━━ PROVIDED RECORDS

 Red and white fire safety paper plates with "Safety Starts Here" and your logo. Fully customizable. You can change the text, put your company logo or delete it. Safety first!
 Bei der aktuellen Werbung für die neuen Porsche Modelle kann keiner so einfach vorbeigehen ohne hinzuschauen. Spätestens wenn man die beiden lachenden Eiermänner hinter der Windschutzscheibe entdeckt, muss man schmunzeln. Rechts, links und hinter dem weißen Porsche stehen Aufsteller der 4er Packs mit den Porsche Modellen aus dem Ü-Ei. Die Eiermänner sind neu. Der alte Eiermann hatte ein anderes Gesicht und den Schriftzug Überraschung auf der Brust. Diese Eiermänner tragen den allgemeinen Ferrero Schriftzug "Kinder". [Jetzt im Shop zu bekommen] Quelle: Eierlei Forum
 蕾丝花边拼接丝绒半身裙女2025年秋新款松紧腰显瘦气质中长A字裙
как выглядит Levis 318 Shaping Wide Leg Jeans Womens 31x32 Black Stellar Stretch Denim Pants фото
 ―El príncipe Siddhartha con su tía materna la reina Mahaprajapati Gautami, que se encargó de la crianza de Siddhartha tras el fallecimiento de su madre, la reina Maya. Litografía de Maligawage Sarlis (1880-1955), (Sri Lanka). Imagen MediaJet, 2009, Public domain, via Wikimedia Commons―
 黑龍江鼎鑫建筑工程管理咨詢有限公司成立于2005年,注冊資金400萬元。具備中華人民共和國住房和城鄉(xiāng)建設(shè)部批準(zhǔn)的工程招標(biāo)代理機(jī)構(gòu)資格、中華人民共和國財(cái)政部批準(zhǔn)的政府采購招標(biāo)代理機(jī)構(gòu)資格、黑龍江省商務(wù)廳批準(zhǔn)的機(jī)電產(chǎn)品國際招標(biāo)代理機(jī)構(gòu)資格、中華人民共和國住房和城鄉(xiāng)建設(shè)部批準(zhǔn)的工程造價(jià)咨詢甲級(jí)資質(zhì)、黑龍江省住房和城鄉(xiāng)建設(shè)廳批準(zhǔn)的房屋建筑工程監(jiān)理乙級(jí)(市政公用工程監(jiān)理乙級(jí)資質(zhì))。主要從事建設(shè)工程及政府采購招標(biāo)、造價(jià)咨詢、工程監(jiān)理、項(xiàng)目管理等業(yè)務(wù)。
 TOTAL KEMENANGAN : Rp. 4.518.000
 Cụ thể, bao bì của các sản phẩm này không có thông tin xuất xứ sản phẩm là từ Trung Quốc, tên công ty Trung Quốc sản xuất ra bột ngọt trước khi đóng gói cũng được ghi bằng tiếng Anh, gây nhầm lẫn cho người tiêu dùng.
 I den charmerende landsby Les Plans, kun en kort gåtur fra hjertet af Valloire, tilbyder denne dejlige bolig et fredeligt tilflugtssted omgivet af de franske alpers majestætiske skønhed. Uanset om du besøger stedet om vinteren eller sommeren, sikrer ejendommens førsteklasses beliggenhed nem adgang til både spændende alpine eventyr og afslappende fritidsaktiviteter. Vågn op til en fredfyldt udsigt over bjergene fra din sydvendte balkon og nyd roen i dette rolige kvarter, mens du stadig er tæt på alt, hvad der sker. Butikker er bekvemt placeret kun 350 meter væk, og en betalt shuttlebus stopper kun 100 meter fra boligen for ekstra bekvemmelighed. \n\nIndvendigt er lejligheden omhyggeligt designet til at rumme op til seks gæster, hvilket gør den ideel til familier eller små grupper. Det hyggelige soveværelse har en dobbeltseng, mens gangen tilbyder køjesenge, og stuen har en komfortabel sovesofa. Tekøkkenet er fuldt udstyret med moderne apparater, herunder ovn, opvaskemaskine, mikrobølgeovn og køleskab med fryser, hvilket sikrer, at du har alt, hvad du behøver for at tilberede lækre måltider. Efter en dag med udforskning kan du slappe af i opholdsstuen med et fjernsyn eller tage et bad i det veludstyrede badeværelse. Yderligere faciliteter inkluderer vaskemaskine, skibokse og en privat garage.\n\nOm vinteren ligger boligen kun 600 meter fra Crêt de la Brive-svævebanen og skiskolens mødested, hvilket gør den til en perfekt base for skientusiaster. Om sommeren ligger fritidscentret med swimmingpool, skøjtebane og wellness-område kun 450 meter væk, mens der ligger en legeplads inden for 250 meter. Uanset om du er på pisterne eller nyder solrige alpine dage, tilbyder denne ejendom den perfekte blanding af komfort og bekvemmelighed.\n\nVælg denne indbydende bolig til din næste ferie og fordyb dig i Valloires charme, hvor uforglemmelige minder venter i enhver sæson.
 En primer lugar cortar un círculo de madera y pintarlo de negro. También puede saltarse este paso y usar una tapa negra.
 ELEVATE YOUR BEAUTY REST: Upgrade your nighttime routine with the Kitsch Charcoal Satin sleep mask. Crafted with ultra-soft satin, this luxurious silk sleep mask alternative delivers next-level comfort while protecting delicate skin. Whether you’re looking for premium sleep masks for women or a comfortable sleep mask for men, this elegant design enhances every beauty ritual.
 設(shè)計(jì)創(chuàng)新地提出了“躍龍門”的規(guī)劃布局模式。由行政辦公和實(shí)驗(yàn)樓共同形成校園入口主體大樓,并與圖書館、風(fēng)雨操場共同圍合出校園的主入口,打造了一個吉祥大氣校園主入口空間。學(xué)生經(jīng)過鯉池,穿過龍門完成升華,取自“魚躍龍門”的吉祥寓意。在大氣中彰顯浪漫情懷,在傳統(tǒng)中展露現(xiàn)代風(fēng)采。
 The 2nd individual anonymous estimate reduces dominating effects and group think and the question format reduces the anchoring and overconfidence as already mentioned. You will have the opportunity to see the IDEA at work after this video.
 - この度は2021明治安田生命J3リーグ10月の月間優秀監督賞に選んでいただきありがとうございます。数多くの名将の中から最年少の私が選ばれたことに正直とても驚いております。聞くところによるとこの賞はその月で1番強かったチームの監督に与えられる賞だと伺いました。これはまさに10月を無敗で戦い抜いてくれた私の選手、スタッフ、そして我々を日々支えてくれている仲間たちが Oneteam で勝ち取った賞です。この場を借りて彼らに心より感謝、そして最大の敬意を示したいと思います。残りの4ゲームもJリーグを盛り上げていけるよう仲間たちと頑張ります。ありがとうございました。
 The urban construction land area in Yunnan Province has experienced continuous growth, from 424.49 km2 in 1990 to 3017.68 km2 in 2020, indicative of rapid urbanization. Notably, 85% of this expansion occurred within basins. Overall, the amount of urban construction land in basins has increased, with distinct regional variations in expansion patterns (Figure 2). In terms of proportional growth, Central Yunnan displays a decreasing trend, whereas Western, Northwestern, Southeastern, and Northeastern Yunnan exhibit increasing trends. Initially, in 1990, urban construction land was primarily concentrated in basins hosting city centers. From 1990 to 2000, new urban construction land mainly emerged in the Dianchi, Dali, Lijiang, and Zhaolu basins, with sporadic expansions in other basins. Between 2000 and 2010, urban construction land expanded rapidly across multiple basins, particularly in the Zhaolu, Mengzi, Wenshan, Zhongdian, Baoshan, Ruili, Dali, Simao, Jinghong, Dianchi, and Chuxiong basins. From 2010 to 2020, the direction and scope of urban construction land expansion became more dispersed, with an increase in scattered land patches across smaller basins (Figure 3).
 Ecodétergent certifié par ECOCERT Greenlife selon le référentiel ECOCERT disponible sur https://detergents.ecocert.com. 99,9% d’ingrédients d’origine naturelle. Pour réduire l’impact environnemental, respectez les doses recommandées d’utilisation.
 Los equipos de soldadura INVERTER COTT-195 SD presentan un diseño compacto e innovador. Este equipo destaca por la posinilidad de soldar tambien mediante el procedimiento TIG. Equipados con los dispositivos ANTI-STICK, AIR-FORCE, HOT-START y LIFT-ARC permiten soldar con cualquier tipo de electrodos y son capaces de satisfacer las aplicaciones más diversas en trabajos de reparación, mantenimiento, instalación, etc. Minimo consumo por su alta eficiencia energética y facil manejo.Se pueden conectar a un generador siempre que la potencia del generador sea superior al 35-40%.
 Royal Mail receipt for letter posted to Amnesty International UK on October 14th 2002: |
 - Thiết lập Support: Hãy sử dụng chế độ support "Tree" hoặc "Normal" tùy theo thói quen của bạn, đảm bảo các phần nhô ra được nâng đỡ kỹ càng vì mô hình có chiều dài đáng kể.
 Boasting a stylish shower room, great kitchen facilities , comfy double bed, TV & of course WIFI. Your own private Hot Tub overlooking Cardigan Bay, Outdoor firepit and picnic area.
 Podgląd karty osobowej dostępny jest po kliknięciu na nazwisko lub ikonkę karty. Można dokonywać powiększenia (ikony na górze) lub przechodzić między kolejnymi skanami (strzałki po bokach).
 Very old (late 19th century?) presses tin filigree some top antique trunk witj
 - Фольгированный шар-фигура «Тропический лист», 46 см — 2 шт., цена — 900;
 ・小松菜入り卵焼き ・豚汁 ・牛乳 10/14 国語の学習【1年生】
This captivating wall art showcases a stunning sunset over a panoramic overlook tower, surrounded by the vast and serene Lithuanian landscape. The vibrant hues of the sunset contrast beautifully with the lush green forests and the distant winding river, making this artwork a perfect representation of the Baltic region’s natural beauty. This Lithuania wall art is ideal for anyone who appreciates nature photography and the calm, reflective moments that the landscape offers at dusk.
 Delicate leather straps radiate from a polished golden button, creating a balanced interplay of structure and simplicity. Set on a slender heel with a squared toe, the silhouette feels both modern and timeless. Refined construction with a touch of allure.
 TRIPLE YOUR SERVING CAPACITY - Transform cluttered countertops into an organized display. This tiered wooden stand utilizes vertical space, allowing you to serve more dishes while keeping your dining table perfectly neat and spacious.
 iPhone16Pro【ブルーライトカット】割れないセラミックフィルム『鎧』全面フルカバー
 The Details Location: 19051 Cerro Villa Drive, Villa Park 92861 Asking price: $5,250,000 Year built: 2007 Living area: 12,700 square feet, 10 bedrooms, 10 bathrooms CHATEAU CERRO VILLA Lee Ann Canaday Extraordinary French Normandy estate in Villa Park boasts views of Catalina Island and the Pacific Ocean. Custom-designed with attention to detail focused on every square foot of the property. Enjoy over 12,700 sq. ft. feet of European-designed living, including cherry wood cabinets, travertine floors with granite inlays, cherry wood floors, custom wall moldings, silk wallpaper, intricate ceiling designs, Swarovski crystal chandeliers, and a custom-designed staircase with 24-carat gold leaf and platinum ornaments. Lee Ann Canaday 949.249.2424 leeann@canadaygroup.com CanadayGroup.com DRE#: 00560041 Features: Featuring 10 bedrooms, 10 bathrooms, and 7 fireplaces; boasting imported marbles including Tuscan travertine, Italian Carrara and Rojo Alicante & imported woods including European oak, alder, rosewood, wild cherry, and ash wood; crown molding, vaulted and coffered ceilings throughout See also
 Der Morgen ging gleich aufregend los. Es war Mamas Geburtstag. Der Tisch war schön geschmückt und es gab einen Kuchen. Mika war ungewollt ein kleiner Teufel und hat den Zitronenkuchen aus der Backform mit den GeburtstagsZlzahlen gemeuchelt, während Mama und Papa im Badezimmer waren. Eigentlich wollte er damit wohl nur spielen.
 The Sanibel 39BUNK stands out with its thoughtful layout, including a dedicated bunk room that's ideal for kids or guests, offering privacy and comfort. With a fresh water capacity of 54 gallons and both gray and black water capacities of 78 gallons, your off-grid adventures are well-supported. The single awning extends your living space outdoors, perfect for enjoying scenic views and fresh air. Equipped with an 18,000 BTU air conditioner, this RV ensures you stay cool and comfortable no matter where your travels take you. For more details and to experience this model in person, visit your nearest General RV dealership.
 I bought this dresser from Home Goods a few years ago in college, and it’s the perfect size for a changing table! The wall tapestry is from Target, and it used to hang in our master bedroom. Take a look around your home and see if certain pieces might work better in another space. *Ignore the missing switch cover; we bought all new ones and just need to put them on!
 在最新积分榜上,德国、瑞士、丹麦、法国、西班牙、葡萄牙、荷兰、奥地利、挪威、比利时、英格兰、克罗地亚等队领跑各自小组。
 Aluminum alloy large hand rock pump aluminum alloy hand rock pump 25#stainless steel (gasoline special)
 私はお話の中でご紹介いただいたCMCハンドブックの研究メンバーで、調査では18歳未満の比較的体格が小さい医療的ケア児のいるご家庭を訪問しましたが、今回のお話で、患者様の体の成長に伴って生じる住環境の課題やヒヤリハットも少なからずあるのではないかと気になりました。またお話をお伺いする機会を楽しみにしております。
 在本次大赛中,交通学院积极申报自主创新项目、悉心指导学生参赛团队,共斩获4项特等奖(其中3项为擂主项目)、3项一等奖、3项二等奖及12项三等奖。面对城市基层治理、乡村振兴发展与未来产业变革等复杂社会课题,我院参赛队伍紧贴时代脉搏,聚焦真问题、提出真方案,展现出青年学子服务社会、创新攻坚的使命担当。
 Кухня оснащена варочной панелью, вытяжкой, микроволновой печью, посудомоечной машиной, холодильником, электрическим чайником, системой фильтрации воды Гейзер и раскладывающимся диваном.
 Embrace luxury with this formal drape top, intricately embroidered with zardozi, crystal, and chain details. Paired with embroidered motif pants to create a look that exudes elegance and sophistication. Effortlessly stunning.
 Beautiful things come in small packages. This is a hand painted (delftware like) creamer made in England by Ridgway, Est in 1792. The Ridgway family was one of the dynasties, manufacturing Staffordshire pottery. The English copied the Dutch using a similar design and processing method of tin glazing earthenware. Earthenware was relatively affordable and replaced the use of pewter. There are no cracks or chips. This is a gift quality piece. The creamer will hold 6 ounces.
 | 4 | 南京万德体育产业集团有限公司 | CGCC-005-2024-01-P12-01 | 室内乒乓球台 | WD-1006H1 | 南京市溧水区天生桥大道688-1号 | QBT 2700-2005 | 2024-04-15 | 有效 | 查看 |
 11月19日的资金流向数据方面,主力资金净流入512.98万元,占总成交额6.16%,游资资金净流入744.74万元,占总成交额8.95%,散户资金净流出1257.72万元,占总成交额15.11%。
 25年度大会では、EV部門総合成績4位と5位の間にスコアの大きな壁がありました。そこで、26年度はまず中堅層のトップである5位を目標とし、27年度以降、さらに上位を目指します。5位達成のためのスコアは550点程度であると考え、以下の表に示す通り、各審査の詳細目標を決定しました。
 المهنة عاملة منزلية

━━━━

▶ [WHAT YOU WILL DO] Once you have found every line above holding the word "được", copy those lines.

▶ [WRITTEN RESPONSE]
 Cụ thể, bao bì của các sản phẩm này không có thông tin xuất xứ sản phẩm là từ Trung Quốc, tên công ty Trung Quốc sản xuất ra bột ngọt trước khi đóng gói cũng được ghi bằng tiếng Anh, gây nhầm lẫn cho người tiêu dùng.
 - Thiết lập Support: Hãy sử dụng chế độ support "Tree" hoặc "Normal" tùy theo thói quen của bạn, đảm bảo các phần nhô ra được nâng đỡ kỹ càng vì mô hình có chiều dài đáng kể.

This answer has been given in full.